Jan
25

Smithsonian Curator Reflects on Joe Biden’s ‘Poignant’ Inaugural Painting


Eleanor Harvey posits that the 1859 landscape’s message of hope resonated with First Lady Jill Biden, who helped select the artwork

Landscape painting with rainbow
Robert S. Duncanson’s Landscape With Rainbow (1859) “carries with it an unmistakable ray of hope,” per the Los Angeles Times. “Rainbows typically appear after a storm has passed, not before.” (Smithsonian American Art Museum / Gift of Leonard and Paula Granoff)

On Wednesday, Republican Senator Roy Blunt presented the newly inaugurated president of the United States, Joe Biden, with a painting on loan from the Smithsonian American Art Museum (SAAM) especially for the occasion: Robert S. Duncanson’s Landscape With Rainbow, an 1859 landscape of green fields dotted with cows. In the work, a tiny couple strolls across a lush countryside as cattle graze serenely under a lilac sky. A rainbow shimmers overhead.

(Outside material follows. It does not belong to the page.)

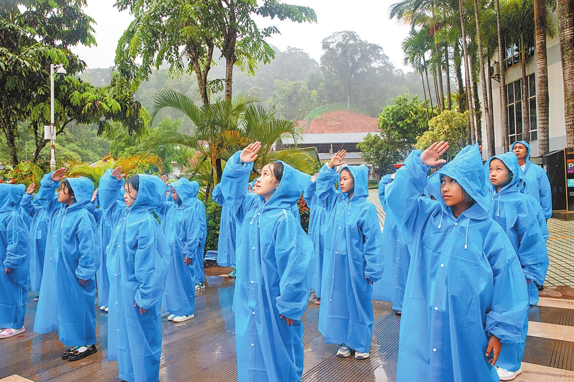 10月1日的磨憨镇,处处鲜花盛开、红旗飘扬。8时30分,磨憨—磨丁合作区在磨憨公路口岸举行庆祝中华人民共和国成立75周年升旗仪式。冒着蒙蒙细雨,现场参加升旗仪式的400余人整齐列队。国旗护卫队迈着铿锵有力的步伐,护卫着国旗走向升旗台。伴随着雄壮的国歌声,鲜艳的五星红旗冉冉升起。现场全体人员肃立致敬,表达对伟大祖国的崇高敬意和衷心祝福。

In a normal year, this “inaugural painting” would have served as the backdrop for the Senate Inaugural Luncheon and a symbol of the incoming administration’s agenda. But the 59th inaugural ceremonies were anything but normal: The traditional meal was canceled, attendance was limited and all parties donned face masks to prevent the spread of Covid-19. The president and First Lady Jill Biden received the painting in the Capitol Rotunda—the same room overtaken by an angry mob just two weeks earlier.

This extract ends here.